Após destacar números e ações do exército, o vídeo introdutório apresenta o General Hertz Pires do Nascimento, atual vice-chefe do Estado Maior do Exército, como o “convidado pra lá de especial” da noite, bordão utilizado pela apresentadora Marina Machado para iniciar o programa.

Ao iniciar o debate, Marina tentou justificar a entrevista sobre o exército trazendo o contexto da independência do Brasil, celebrada aos quatro ventos pelo governo federal nesse bicentenário, como parte da campanha eleitoral de Jair Bolsonaro ( https://www.cartacapital.com.br/blogs/intervozes/ebc-fez-cobertura-oficialesca-e-foi-assessora-de-bolsonaro-no-7-de-setembro/). Após responder curto e grosso que o exército foi o “garantidor da independência”, o general exaltou o colonizador:

“Portugal, quando os seus navegadores desembarcaram aqui, eles não vieram como aventureiros. Eles vieram trazendo tradição, uma religião, uma língua consolidada e a experiência administrativa. Por isso é que logo na sequência eles tinham o objetivo de ocupar a terra e aprofundar as suas descobertas, dominando as bacias hidrográficas, colocando os seus marcos, construindo os fortes.”

Todo o programa foi uma sequência de perguntas levantando a bola para o general cortar. Abordaram temas como a participação nas missões de paz da ONU, a integração das mulheres às forças armadas, a defesa da Amazônia em meio às dificuldades logísticas, o respeito ao meio ambiente. Também foi apresentado um show de jargões descontextualizados e sem problematização, como o “pacificador Duque de Caxias”, o “sentimento de nacionalidade” que surgiu no episódio da expulsão dos holandeses de Pernambuco, a “fusão harmônica das três raças” na corporação, a “identificação do exército com o povo”.
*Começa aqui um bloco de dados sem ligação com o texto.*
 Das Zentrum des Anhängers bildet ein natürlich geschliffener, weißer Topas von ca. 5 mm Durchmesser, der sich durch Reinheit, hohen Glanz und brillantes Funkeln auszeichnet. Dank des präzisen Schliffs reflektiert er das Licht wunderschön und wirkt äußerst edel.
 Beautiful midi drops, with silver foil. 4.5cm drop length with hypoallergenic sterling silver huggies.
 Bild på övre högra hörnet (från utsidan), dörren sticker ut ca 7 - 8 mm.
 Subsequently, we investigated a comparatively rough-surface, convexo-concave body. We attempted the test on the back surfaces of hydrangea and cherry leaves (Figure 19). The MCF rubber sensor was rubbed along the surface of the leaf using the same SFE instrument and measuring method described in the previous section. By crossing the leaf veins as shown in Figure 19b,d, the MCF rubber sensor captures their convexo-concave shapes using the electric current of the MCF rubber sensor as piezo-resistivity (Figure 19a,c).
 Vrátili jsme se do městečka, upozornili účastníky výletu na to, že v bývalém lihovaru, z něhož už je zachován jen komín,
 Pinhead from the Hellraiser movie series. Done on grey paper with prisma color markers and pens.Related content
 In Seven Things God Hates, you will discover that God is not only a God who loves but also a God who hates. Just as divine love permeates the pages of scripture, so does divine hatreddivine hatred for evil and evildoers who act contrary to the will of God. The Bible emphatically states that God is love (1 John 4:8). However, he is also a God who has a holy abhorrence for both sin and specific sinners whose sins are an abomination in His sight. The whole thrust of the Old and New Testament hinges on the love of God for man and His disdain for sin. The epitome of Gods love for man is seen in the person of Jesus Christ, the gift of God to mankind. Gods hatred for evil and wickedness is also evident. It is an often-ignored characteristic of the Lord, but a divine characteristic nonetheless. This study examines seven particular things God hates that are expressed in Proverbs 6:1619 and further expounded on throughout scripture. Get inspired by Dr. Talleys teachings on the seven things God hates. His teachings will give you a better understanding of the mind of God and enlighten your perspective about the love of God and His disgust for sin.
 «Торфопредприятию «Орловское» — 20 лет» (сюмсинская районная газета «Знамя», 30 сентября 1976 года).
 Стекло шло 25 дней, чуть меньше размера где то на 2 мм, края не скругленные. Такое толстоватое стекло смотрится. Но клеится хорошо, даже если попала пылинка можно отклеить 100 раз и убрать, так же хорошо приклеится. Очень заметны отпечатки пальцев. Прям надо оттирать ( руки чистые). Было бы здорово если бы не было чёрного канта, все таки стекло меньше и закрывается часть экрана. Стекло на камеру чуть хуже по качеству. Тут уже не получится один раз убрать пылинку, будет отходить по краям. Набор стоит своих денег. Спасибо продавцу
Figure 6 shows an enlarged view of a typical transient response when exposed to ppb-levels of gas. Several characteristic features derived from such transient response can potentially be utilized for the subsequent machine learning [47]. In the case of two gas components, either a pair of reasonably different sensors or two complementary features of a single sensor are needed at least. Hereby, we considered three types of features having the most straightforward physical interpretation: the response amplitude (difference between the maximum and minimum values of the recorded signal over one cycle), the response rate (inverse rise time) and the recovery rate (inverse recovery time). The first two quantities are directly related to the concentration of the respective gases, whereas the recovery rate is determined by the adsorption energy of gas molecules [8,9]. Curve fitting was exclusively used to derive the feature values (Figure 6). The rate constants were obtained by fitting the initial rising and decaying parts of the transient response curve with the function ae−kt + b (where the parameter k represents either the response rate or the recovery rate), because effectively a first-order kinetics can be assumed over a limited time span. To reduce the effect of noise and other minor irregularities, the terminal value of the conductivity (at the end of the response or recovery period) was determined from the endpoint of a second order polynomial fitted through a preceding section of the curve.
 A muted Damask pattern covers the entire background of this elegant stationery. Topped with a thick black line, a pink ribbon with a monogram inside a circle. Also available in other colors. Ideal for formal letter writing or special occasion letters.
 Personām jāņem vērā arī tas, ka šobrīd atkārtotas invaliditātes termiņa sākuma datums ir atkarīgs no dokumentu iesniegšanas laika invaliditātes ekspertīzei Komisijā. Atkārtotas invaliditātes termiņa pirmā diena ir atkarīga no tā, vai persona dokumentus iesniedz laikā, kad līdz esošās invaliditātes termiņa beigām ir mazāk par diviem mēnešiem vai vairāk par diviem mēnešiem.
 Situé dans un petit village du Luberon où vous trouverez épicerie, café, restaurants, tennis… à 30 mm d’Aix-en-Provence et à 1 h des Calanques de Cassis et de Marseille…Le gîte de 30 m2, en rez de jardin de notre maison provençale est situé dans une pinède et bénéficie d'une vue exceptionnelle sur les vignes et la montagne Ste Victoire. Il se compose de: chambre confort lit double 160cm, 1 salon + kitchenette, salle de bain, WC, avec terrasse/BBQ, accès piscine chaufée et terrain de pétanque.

Destacamos a fala do general a respeito do serviço militar obrigatório: “O jovem passa pelo desafio de ser selecionado para servir. O exército incorpora 52 mil soldados/ano. Que outra instituição oferece a oportunidade para 52 mil jovens/ano?” 

Porque, como todos sabem, os jovens brasileiros de 18 anos estão exultantes com a possibilidade de servir à pátria no alistamento militar obrigatório (contém ironia).

Após ser apresentado um vídeo com o depoimento de uma esposa de militar, sobre a vida da família que abdica de estabilidade profissional e escolar e da residência fixa para acompanhar o militar, o general destacou o Dia da Família Militar, em homenagem a Rosa da Fonseca.

“Ela teve dez filhos, duas mulheres, oito homens. Um ficou em Alagoas, sete foram para a campanha da Tríplice Aliança [Guerra do Paraguai, de 1864 e 1870]. Três morreram, dois [ficaram] gravemente feridos, um era o Deodoro da Fonseca [marechal que “proclamou a república” em 1889]. Sabendo disso, ela disse: ‘não vamos chorar a morte dos meus filhos, vamos agora celebrar a vitória de minha pátria. Para chorar a morte dos meus filhos eu tenho o resto da vida’”. Celebrando, com isso, a abdicação feminina em favor da pátria.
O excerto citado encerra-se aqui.